What is needed:
Return the opening lines of the material, word for word. End with the line that contains "Peripheral Interface)やUART(Universal Asynchronous".

Records to use:
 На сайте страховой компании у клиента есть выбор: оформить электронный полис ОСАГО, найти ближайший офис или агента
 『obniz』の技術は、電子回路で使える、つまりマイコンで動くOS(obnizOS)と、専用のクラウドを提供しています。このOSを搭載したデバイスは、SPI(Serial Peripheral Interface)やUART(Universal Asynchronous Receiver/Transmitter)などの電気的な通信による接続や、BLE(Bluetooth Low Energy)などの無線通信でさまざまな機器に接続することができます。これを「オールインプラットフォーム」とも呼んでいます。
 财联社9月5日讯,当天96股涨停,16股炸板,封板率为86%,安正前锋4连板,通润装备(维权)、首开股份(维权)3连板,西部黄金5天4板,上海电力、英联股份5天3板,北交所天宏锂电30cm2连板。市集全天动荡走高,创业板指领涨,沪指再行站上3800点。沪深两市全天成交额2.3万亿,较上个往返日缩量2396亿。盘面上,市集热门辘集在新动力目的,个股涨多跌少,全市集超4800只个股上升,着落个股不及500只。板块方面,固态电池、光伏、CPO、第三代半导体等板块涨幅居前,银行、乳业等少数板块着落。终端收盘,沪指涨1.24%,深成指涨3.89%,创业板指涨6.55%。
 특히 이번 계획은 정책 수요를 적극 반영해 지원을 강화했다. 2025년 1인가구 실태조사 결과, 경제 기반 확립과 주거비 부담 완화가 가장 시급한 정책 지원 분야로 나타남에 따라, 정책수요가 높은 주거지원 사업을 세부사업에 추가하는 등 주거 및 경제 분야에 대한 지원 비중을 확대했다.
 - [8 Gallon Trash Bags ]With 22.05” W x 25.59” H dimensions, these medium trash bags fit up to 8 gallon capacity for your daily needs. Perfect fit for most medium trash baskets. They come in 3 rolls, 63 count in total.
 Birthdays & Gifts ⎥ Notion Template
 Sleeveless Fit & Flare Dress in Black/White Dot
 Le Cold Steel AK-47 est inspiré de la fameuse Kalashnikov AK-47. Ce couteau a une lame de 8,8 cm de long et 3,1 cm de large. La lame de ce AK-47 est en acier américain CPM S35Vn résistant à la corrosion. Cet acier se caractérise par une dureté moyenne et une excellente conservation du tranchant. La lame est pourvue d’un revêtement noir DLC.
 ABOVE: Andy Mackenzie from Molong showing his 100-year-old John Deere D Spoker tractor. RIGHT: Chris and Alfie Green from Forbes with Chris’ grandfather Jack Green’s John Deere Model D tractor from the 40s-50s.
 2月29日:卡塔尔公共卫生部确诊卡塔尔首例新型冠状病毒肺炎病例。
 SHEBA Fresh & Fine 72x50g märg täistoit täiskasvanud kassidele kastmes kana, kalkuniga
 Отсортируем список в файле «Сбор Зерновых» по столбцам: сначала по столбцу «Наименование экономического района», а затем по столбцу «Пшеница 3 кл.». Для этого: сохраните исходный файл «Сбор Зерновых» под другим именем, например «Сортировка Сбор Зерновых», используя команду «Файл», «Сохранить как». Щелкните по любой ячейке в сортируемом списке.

Solution for this task:
 На сайте страховой компании у клиента есть выбор: оформить электронный полис ОСАГО, найти ближайший офис или агента
 『obniz』の技術は、電子回路で使える、つまりマイコンで動くOS(obnizOS)と、専用のクラウドを提供しています。このOSを搭載したデバイスは、SPI(Serial Peripheral Interface)やUART(Universal Asynchronous Receiver/Transmitter)などの電気的な通信による接続や、BLE(Bluetooth Low Energy)などの無線通信でさまざまな機器に接続することができます。これを「オールインプラットフォーム」とも呼んでいます。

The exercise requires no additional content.